===== Record excerpts

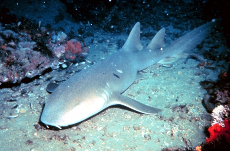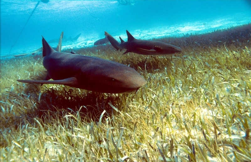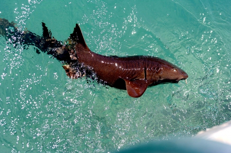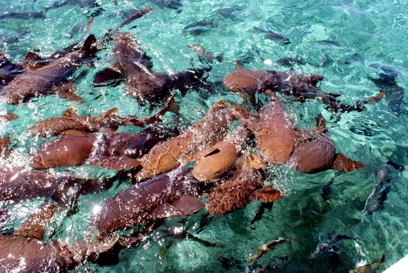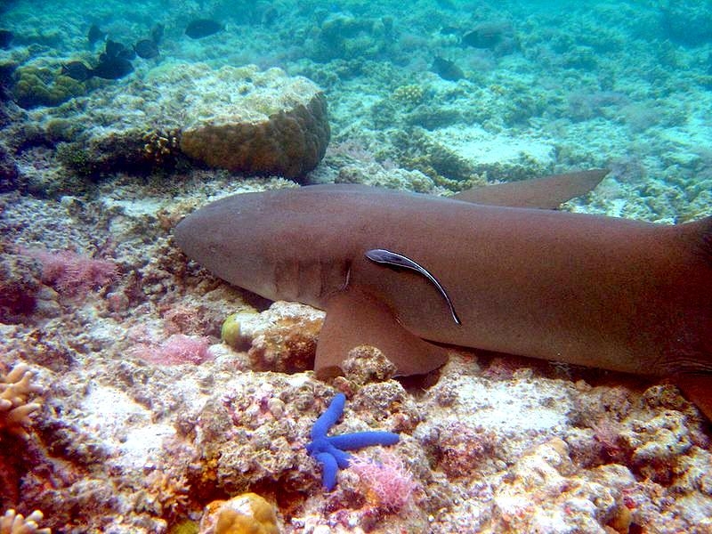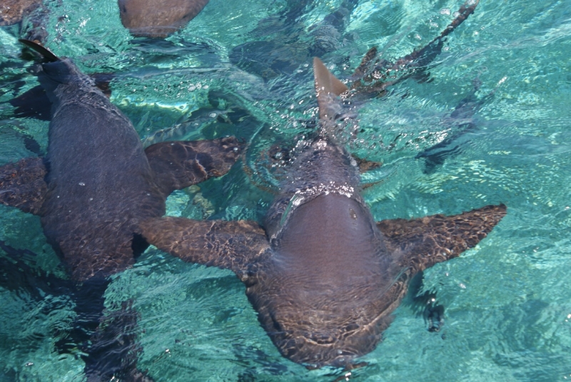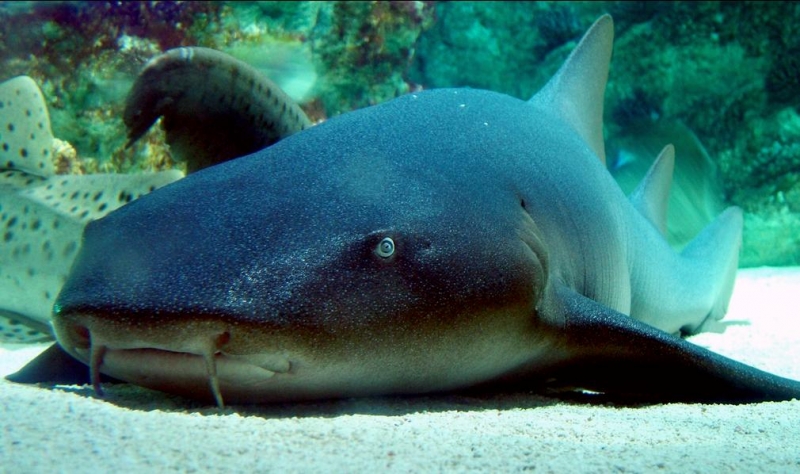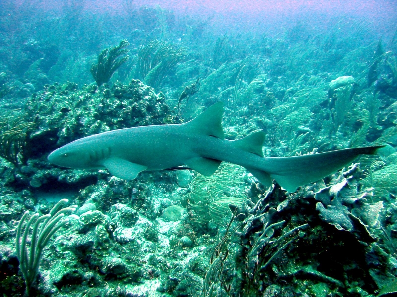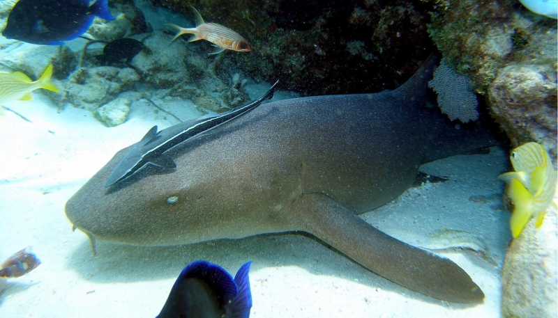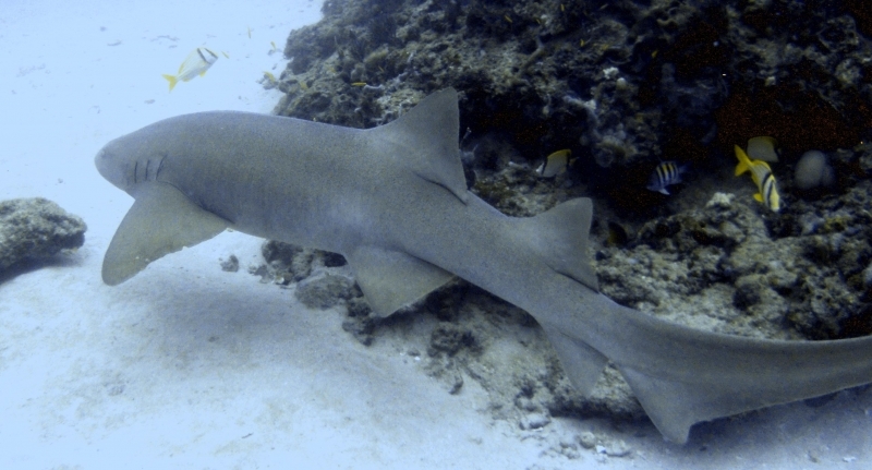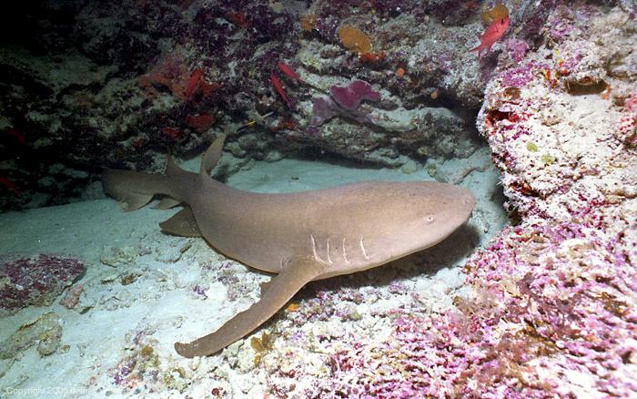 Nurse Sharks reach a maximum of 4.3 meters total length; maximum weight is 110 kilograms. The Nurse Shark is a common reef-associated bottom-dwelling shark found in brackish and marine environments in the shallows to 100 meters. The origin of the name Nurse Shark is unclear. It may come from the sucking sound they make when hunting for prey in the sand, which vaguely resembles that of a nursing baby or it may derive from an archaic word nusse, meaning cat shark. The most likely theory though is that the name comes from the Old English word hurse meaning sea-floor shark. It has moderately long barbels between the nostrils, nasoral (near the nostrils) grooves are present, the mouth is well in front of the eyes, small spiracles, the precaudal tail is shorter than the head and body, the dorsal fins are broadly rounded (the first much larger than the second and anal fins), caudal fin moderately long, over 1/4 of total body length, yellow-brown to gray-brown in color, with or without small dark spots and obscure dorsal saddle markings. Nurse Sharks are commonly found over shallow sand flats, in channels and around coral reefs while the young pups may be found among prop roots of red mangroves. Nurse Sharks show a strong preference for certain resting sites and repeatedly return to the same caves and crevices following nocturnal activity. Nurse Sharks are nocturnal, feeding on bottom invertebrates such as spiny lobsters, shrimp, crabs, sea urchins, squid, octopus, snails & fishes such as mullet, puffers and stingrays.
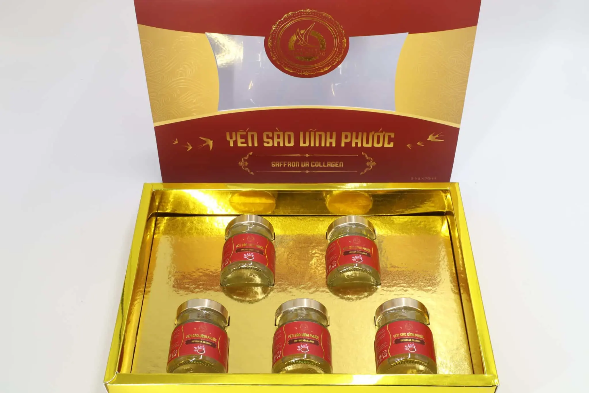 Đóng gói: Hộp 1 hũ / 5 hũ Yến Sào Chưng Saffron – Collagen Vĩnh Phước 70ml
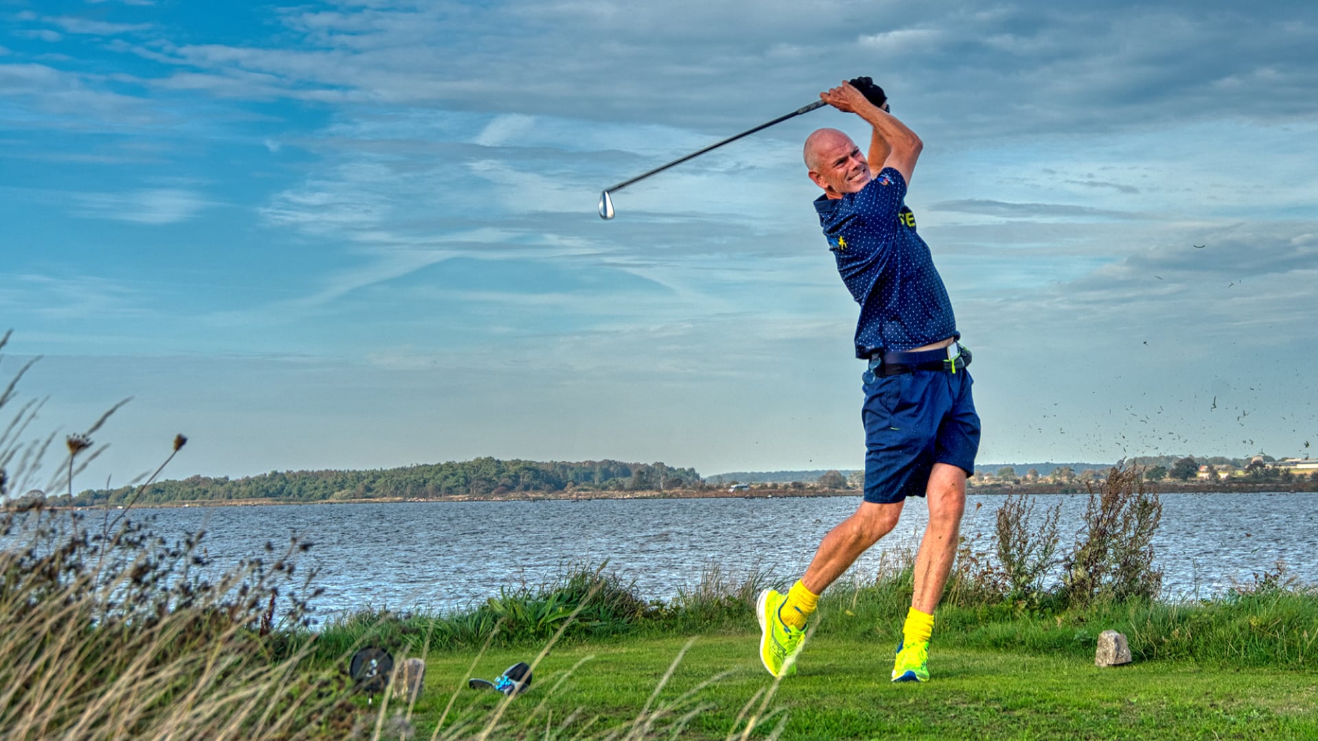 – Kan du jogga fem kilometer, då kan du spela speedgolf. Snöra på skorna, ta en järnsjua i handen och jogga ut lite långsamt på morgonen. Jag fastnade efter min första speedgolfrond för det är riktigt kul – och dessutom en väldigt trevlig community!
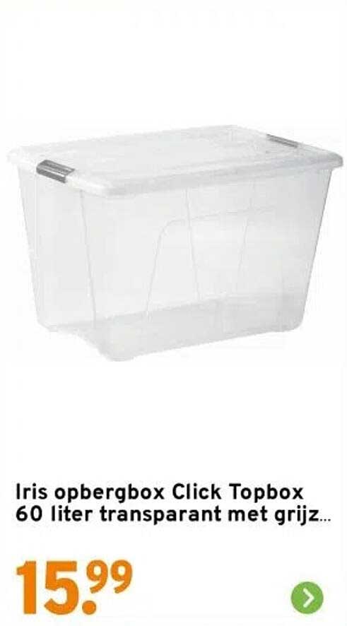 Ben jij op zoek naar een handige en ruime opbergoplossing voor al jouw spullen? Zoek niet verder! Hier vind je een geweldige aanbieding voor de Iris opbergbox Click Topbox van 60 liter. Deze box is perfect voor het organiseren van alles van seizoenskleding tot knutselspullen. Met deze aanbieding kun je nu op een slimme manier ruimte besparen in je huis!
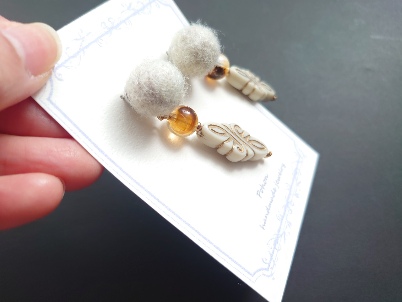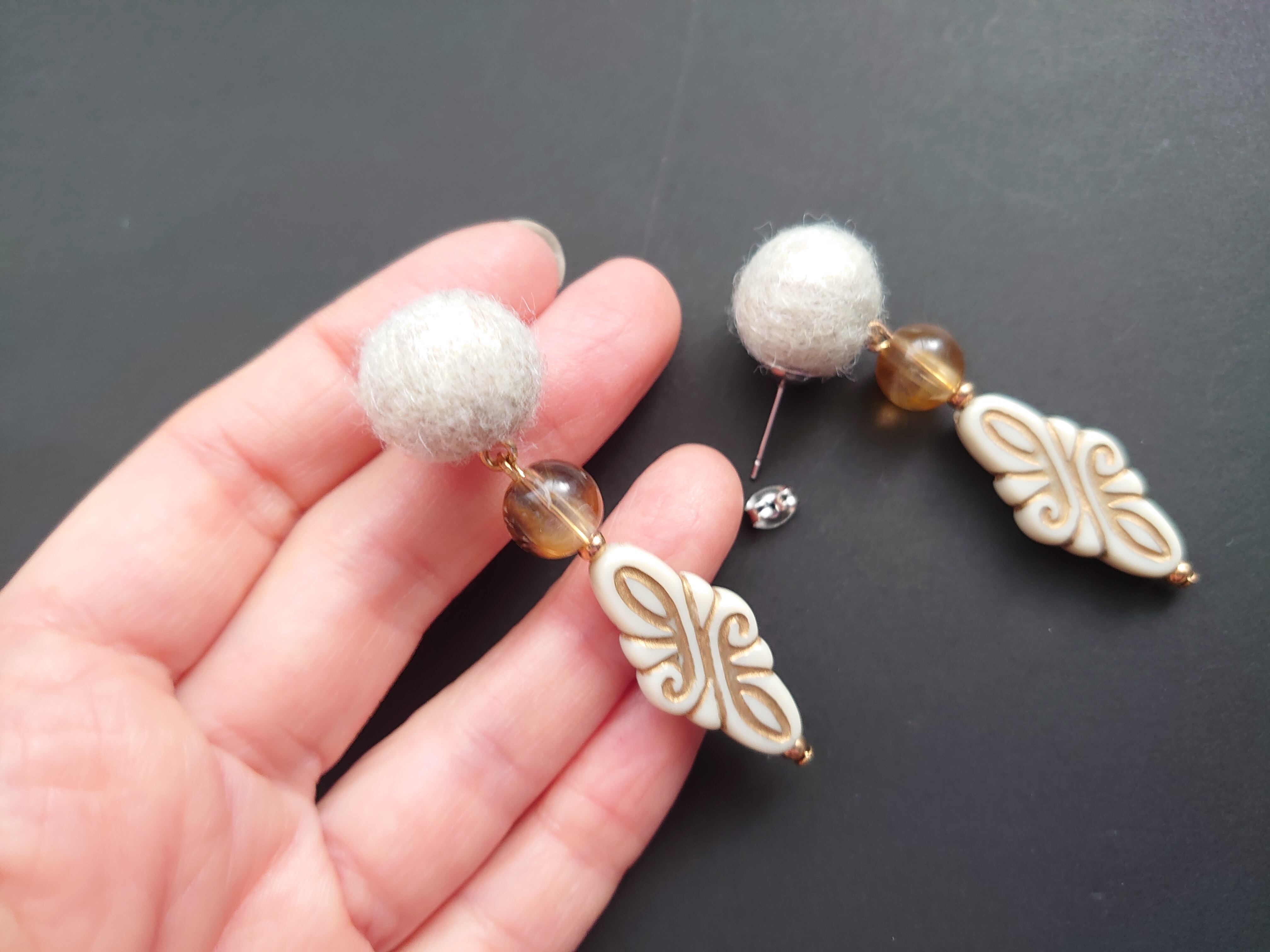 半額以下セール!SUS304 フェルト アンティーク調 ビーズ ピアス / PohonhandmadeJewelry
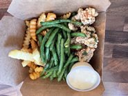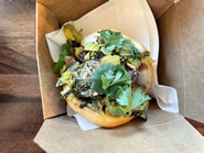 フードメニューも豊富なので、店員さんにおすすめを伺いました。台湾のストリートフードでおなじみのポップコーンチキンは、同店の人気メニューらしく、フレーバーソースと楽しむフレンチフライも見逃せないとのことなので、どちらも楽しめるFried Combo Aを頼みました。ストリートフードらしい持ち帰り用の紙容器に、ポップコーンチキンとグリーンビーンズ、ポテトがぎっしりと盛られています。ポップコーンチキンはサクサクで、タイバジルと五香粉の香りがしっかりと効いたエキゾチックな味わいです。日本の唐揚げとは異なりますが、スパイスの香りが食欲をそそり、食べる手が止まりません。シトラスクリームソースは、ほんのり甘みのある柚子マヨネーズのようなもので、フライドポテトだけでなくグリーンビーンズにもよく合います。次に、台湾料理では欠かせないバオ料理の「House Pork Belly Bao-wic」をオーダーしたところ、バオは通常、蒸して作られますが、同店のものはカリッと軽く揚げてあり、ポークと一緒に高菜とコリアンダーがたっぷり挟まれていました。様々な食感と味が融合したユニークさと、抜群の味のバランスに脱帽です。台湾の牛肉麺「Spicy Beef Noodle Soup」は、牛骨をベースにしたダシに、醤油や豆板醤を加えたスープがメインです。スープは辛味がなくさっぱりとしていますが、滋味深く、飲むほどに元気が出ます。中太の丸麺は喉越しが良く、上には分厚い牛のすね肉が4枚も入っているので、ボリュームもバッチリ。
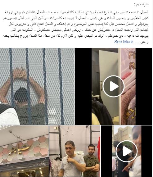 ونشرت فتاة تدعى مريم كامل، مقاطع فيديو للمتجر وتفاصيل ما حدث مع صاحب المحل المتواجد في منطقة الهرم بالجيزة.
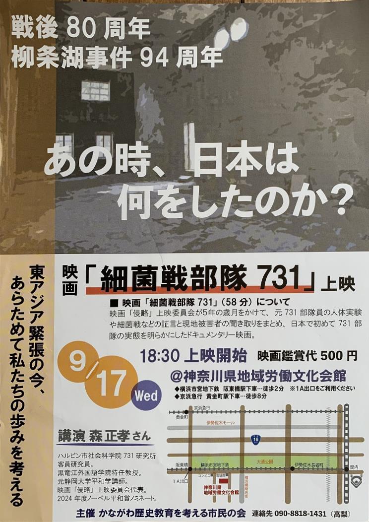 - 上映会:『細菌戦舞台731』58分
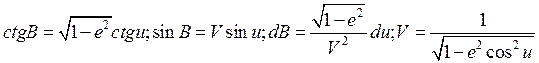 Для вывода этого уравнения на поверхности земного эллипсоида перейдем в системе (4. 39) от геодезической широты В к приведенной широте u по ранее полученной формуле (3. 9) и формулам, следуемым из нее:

==========

## About this exercise:
Would you repeat the entries exactly, keeping the images out?

## Answer box:
 Nurse Sharks reach a maximum of 4.3 meters total length; maximum weight is 110 kilograms. The Nurse Shark is a common reef-associated bottom-dwelling shark found in brackish and marine environments in the shallows to 100 meters. The origin of the name Nurse Shark is unclear. It may come from the sucking sound they make when hunting for prey in the sand, which vaguely resembles that of a nursing baby or it may derive from an archaic word nusse, meaning cat shark. The most likely theory though is that the name comes from the Old English word hurse meaning sea-floor shark. It has moderately long barbels between the nostrils, nasoral (near the nostrils) grooves are present, the mouth is well in front of the eyes, small spiracles, the precaudal tail is shorter than the head and body, the dorsal fins are broadly rounded (the first much larger than the second and anal fins), caudal fin moderately long, over 1/4 of total body length, yellow-brown to gray-brown in color, with or without small dark spots and obscure dorsal saddle markings. Nurse Sharks are commonly found over shallow sand flats, in channels and around coral reefs while the young pups may be found among prop roots of red mangroves. Nurse Sharks show a strong preference for certain resting sites and repeatedly return to the same caves and crevices following nocturnal activity. Nurse Sharks are nocturnal, feeding on bottom invertebrates such as spiny lobsters, shrimp, crabs, sea urchins, squid, octopus, snails & fishes such as mullet, puffers and stingrays.
 Đóng gói: Hộp 1 hũ / 5 hũ Yến Sào Chưng Saffron – Collagen Vĩnh Phước 70ml
 – Kan du jogga fem kilometer, då kan du spela speedgolf. Snöra på skorna, ta en järnsjua i handen och jogga ut lite långsamt på morgonen. Jag fastnade efter min första speedgolfrond för det är riktigt kul – och dessutom en väldigt trevlig community!
 Ben jij op zoek naar een handige en ruime opbergoplossing voor al jouw spullen? Zoek niet verder! Hier vind je een geweldige aanbieding voor de Iris opbergbox Click Topbox van 60 liter. Deze box is perfect voor het organiseren van alles van seizoenskleding tot knutselspullen. Met deze aanbieding kun je nu op een slimme manier ruimte besparen in je huis!
 半額以下セール!SUS304 フェルト アンティーク調 ビーズ ピアス / PohonhandmadeJewelry
 フードメニューも豊富なので、店員さんにおすすめを伺いました。台湾のストリートフードでおなじみのポップコーンチキンは、同店の人気メニューらしく、フレーバーソースと楽しむフレンチフライも見逃せないとのことなので、どちらも楽しめるFried Combo Aを頼みました。ストリートフードらしい持ち帰り用の紙容器に、ポップコーンチキンとグリーンビーンズ、ポテトがぎっしりと盛られています。ポップコーンチキンはサクサクで、タイバジルと五香粉の香りがしっかりと効いたエキゾチックな味わいです。日本の唐揚げとは異なりますが、スパイスの香りが食欲をそそり、食べる手が止まりません。シトラスクリームソースは、ほんのり甘みのある柚子マヨネーズのようなもので、フライドポテトだけでなくグリーンビーンズにもよく合います。次に、台湾料理では欠かせないバオ料理の「House Pork Belly Bao-wic」をオーダーしたところ、バオは通常、蒸して作られますが、同店のものはカリッと軽く揚げてあり、ポークと一緒に高菜とコリアンダーがたっぷり挟まれていました。様々な食感と味が融合したユニークさと、抜群の味のバランスに脱帽です。台湾の牛肉麺「Spicy Beef Noodle Soup」は、牛骨をベースにしたダシに、醤油や豆板醤を加えたスープがメインです。スープは辛味がなくさっぱりとしていますが、滋味深く、飲むほどに元気が出ます。中太の丸麺は喉越しが良く、上には分厚い牛のすね肉が4枚も入っているので、ボリュームもバッチリ。
 ونشرت فتاة تدعى مريم كامل، مقاطع فيديو للمتجر وتفاصيل ما حدث مع صاحب المحل المتواجد في منطقة الهرم بالجيزة.
 - 上映会:『細菌戦舞台731』58分
 Для вывода этого уравнения на поверхности земного эллипсоида перейдем в системе (4. 39) от геодезической широты В к приведенной широте u по ранее полученной формуле (3. 9) и формулам, следуемым из нее:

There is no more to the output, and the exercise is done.